* **REQUIRED ACTION**: Reproduce the listing exactly. Omit pictures.

* **DATA BLOCK**:
__________
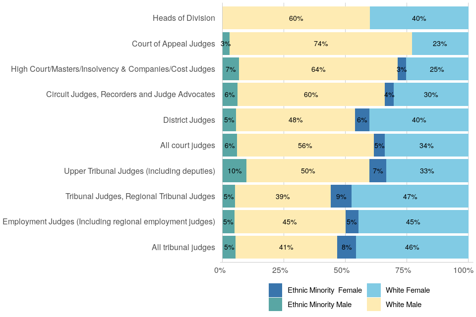 | The proportions of female and ethnic minority individuals were higher amongst the magistracy than in the judiciary. | Over half (57%) of all magistrates were female. Ethnic minorities made up 13%. |
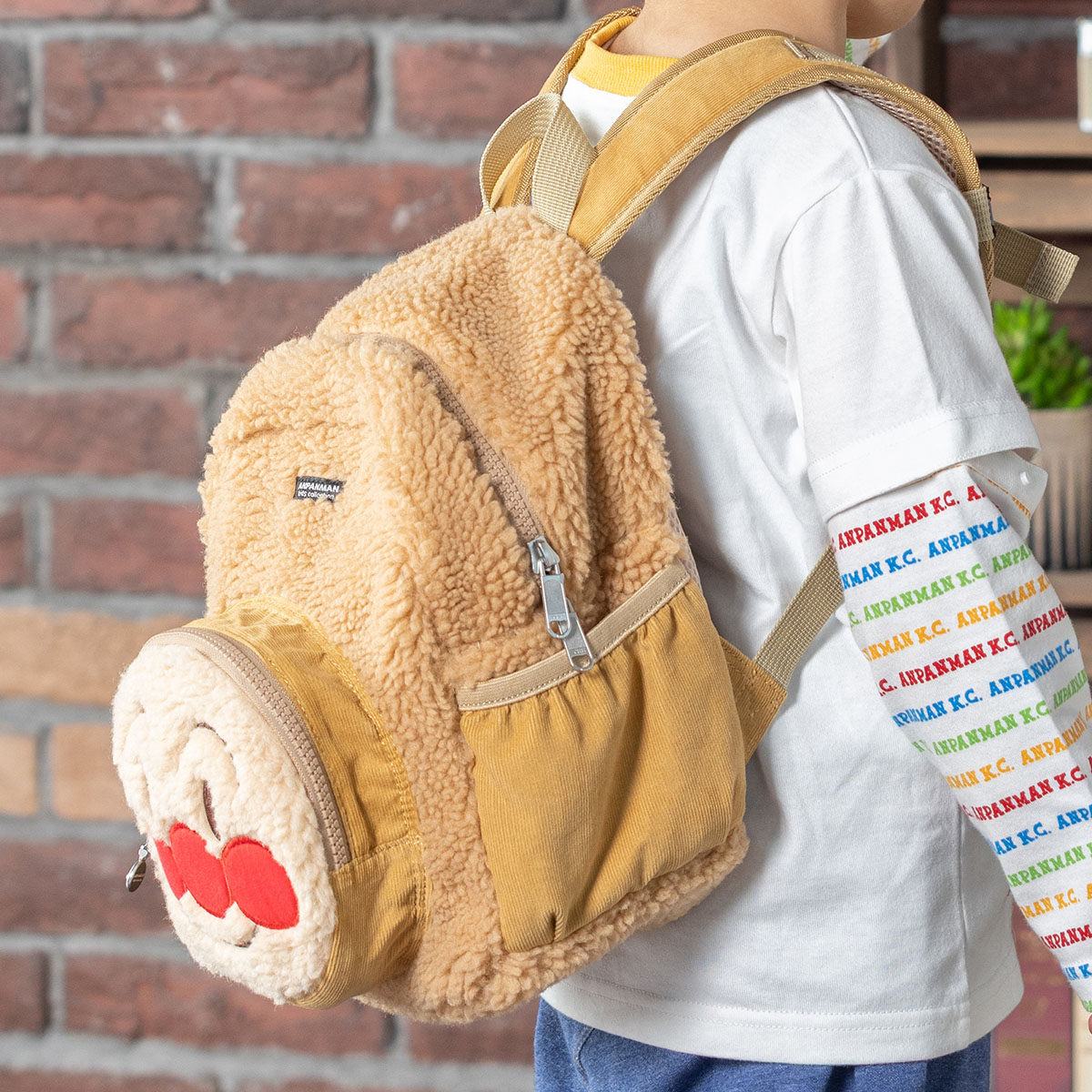 アンパンマンの大きなアップリケ刺繍が可愛いボア素材を使用したリュック♪
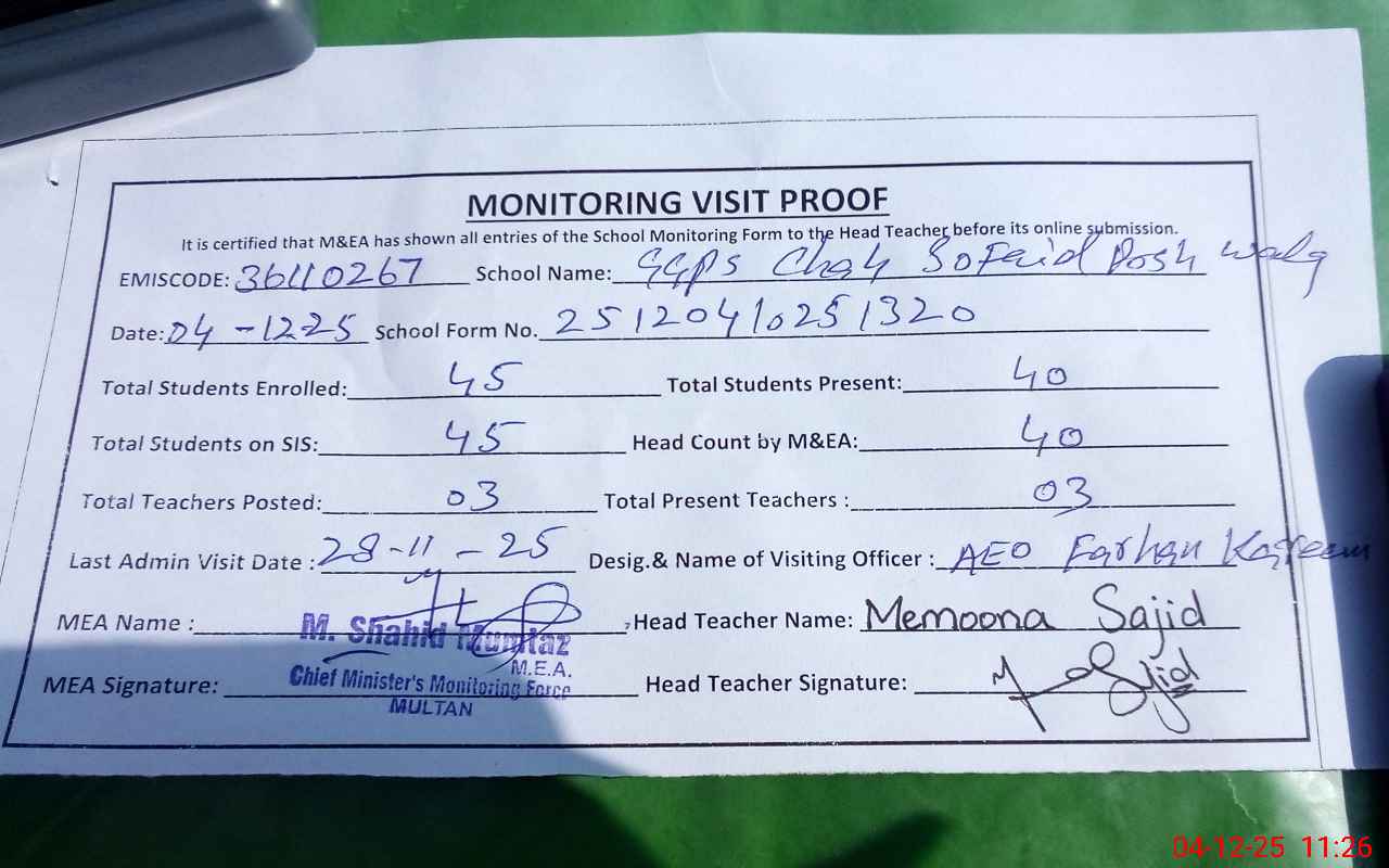 | EMIS Code: 36110267 | Name of School: GGPS CHAH SOFAID POSH VEHARI ROAD MULTAN | |||
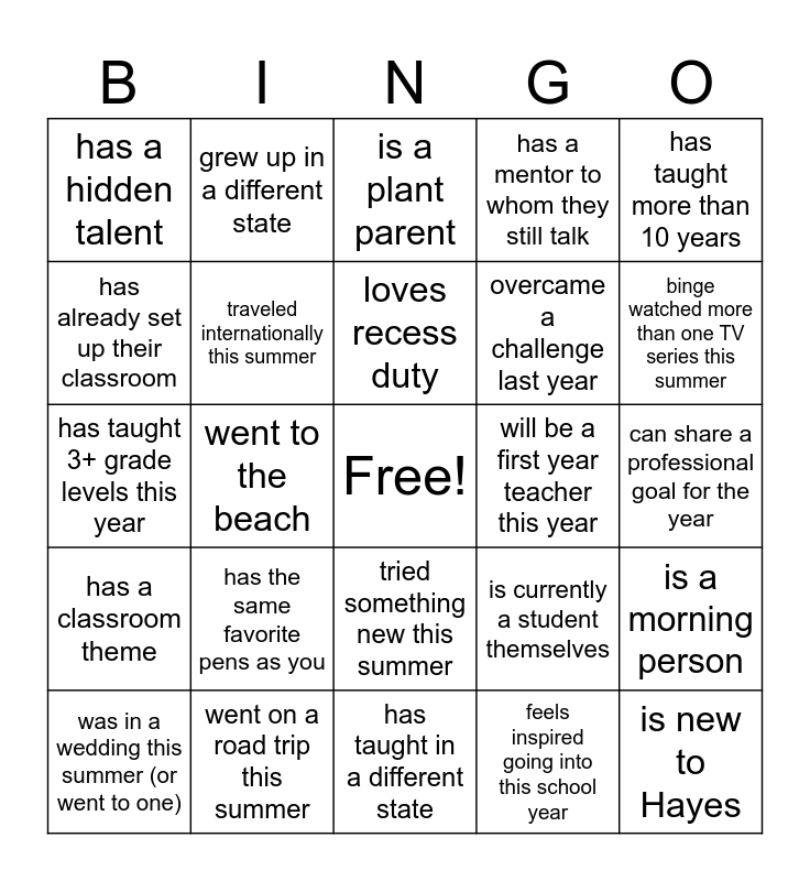 This bingo card has a free space and 24 words: has the same favorite pens as you, went on a road trip this summer, loves recess duty, was in a wedding this summer (or went to one), has taught more than 10 years, has a hidden talent, has already set up their classroom, grew up in a different state, will be a first year teacher this year, tried something new this summer, overcame a challenge last year, has taught 3+ grade levels this year, is currently a student themselves, is a morning person, traveled internationally this summer, feels inspired going into this school year, can share a professional goal for the year, is a plant parent, binge watched more than one TV series this summer, went to the beach, is new to Hayes, has a classroom theme, has a mentor to whom they still talk and has taught in a different state.
__________
* **SOLVED PROBLEM**:
 | The proportions of female and ethnic minority individuals were higher amongst the magistracy than in the judiciary. | Over half (57%) of all magistrates were female. Ethnic minorities made up 13%. |
 アンパンマンの大きなアップリケ刺繍が可愛いボア素材を使用したリュック♪
 | EMIS Code: 36110267 | Name of School: GGPS CHAH SOFAID POSH VEHARI ROAD MULTAN | |||
 This bingo card has a free space and 24 words: has the same favorite pens as you, went on a road trip this summer, loves recess duty, was in a wedding this summer (or went to one), has taught more than 10 years, has a hidden talent, has already set up their classroom, grew up in a different state, will be a first year teacher this year, tried something new this summer, overcame a challenge last year, has taught 3+ grade levels this year, is currently a student themselves, is a morning person, traveled internationally this summer, feels inspired going into this school year, can share a professional goal for the year, is a plant parent, binge watched more than one TV series this summer, went to the beach, is new to Hayes, has a classroom theme, has a mentor to whom they still talk and has taught in a different state.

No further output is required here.